Meu amigo branco
Por Gabe Antunes
Mas eu tô aqui pra aprender”; “Você me ensina muito”; “Por isso eu gosto de conversar com você”
Com que frequência escutamos essas frases?
Não é de hoje que vemos o padrão do negro educador. Estar inserido em uma sociedade miscigenada nos traz uma função indesejada. Desde quando isso acontece?
Se analisarmos minuciosamente, estamos ainda carregando uma herança: congregar para ser visto. Desde a abolição da escravatura vivemos o famoso “quem não é visto não é lembrado” sem perceber que nosso esquecimento é independente de ser visto ou não, contando que ele já é predisposto. A busca incessante pela aceitação nos levou ao apagamento de nossas histórias, relevância de ancestrais, nossos costumes e tudo muito bem “higienizado” para fazermos parte de uma sociedade “sem cor nem raça”.
Perceber isso com certeza não é fácil. Estar rodeado de pessoas brancas hoje em dia está no nosso sangue. Não se trata apenas de um amigo, um professor. As vezes estamos falando de pais, mães, avós e etc. Estamos enlaçados a uma sociedade que nos ensina a esquecer de nós mesmos a favor deles. E, que estejamos livres dessa sociedade que nos enlaça até demais. Somos colocado em um pedestal de tal forma que nossas dores, conquistas, erros e acertos são tópicos e pauta para discussões completamente embranquecidas.
Vivemos aqui, na cidade de Fortaleza, onde temos peças que falam sobre a dor e a tragédia do corpo negro… com a percepção branca. Nos prestamos a editais que usam da nossa fonte de histórias, nossas peças, músicas, performances, nossa arte em geral… para entretenimento branco. Estamos inseridos em sistemas que dizem ser inclusivos, mas com inúmeras pessoas brancas por trás. Pode-se dizer até que a diversidade é vasta em vários setores culturais da cidade, mas sempre tem uma grande mão por trás patrocinando, mandando e desmandando em tudo: a mão branca. O que começa inofensivo, termina sempre em: estamos a serviço dos brancos.
Não me entenda mal, não estou condenando aqui as relações com pessoas “sem cor”. É genuíno o que sentimos pelas pessoas que jamais vão entender o que é estar na pele de um preto. Mas, é preciso cautela: você não vai compartilhar sua dor, apenas seu relato. O acolhimento do preto com os seus traz pertencimento e proteção. É entendendo sua história e de seus antepassados que vemos nossas relações ainda fortes com nós mesmos. Vai para além de sangue, é espiritual.

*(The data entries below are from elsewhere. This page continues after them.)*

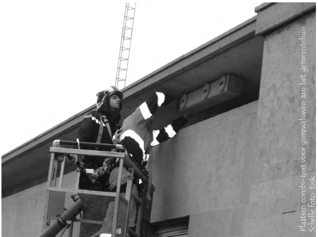
Plaatsen combi-nest voor gierzwaluwen aan het gemeentehuis Schelle foto: Erik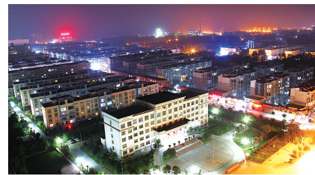
华灯初上的城区夜景

现重大突破,农村卫生室标准化建设实现全覆盖。新增城镇就业12849人,农村劳动力转移就业11169人,超额完成年度任务。不断提升群众安全感。全市率先建成县级综治中心,“雪亮工程”实现村庄主要出入口全覆盖;深化扫黑除恶专项斗争和“平安临颖”建设,扎实推进“转作风、强基层、扫黑除恶治乱逐村(社区)行”活动,群众安全感、执法满意度持续提升,连续三年被评为全省平安建设工作优秀县。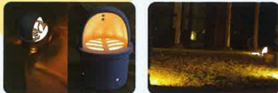
※ランタンは受注発注の製品です

ランプシェードとしてもお使いいただけます。お庭の素敵なエクステリアとして人気です。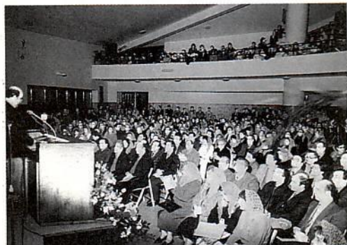
Εκκλησία της Messina

Σ' όλες τις Εκκλησίες δεν περιγράφεται η αγάπη, η αφοσίωση προς τον Κύριο και η συμπάθεια κι αγάπη προς τις Ελληνικές μας Εκκλησίες. Για β' φορά χωρίς να «ερεθίζω» τα φιλότι-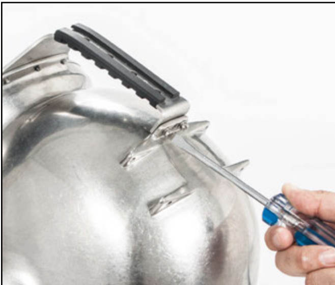
Retire los tornillos de la parte trasera de la agarradera.

2) Quite los tornillos y las arandelas que sujetan la parte trasera de la agarradera. Una vez que haya hecho esto, puede retirar la agarradera.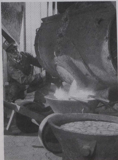
Coulage de l'or dans une mine aurifère, près de Yellowknife (Territoires du Nord-Ouest).

Selon le commissaire du pavillon des ter-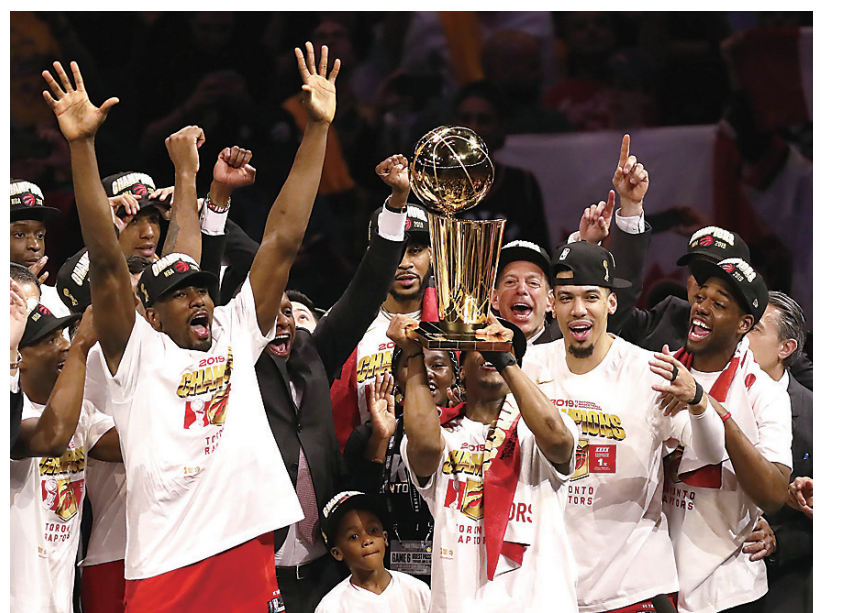
6月13日,猛龙队球员在颁奖仪式上。

据《新民晚报》 两周前,鲜有人能笃定地预测到,金州勇士的王朝,会被一支非美国本土球队终结。北京时间6月14日上午11时48分,多伦多猛龙在勇士主场甲骨文球馆以114比110战胜勇士,以4比2的总比分夺得总冠军,创造了NBA成立73年来首支非美国本土球队夺得冠军的纪录。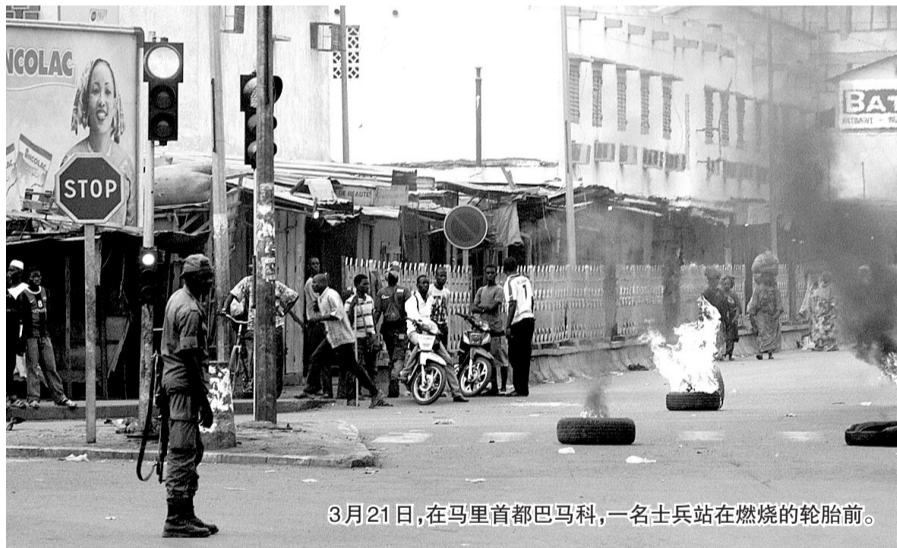
3月21日,在马里首都巴马科,一名士兵站在燃烧的轮胎前。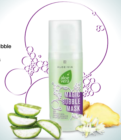
Magic Bubble Mask Aloe Vera 50 ml 20789

Dès qu'il est appliqué, le gel se transforme, en quelques secondes, en une mousse composée de minuscules bulles crépitantes qui permettent d'emporter plus facilement les impuretés et de faire pénétrer plus profondément les ingrédients actifs dans la peau. L'extrait de gingembre et l'extrait de moringa débarrassent la peau des petites peaux mortes et des polluants. De plus, le masque, par son effet rappelant le lotus, empêche l'accumulation d'autres substances nocives tandis que l'Aloe Vera hydrate intensément et aide la peau à se régénérer.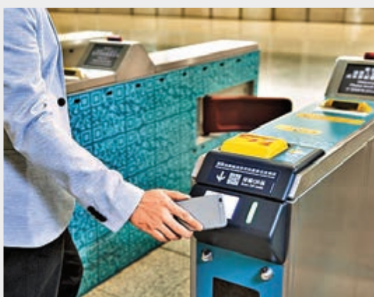
▲港鐵將於年底前推出用支付寶二維碼入閘

港鐵也同時推出「MTR分」獎賞計劃，整合港鐵現有兩個獎勵計劃，透過搭乘港鐵，在四個指定港鐵商場及港鐵車站的參與商戶消費滿指定金額，或購買港鐵精品均可累積獎分，便可兌換獎賞。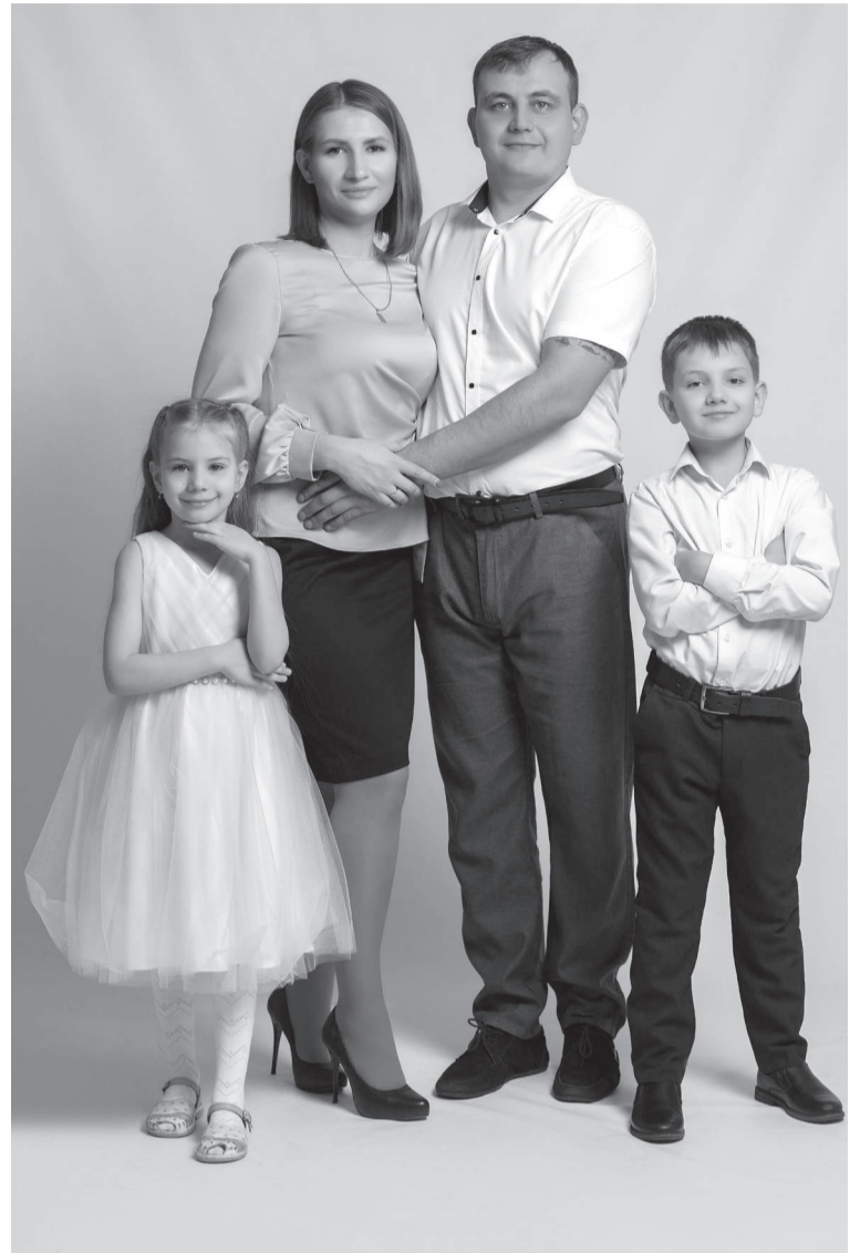
Моя любимая семья

- Совершенно верно. Работа в детском саду мне очень нравится. Дети - это маленькие пытливые искатели, почемучки и всезнайки. Они мои вдохновители на новые открытия и новые знания. Работая с детьми, я как будто возвращаюсь в детство. Как только начала работать в детском саду, я стала много узнавать и изучать, проходить различные курсы повышения квалификации и работать над своим саморазвитием. Я с удовольствием стала участвовать в различных конкурсах. Прошлый год для меня стал значимым: я стала победителем регионального конкурса грантовых проектов. Выиграла грант на 125 тысяч рублей и сейчас активно работаю над реализацией моего проекта медицентр «Кругозор»

É possível amar e estar perto de pessoas que não fazem parte da tua raça, com tanto que entenda qual sua função como amigo. Você com
certeza é muito mais do que sua raça e tem qualidades ímpares que te fazem uma pessoa espetacular que as pessoas queiram por perto, mas você sempre será preto. Não deixe que isso se apague apenas para estar perto de pessoas que não enxergam cor, enxergam “ser humano”. Se deixar levar por esse papo no país que mata mais de 1 preto por dia é achar que você faz parte de algo que literalmente te destrói.
Se construa para além de ideias, mas entenda suas bases. Seja humano, seja sincero. Seja preto.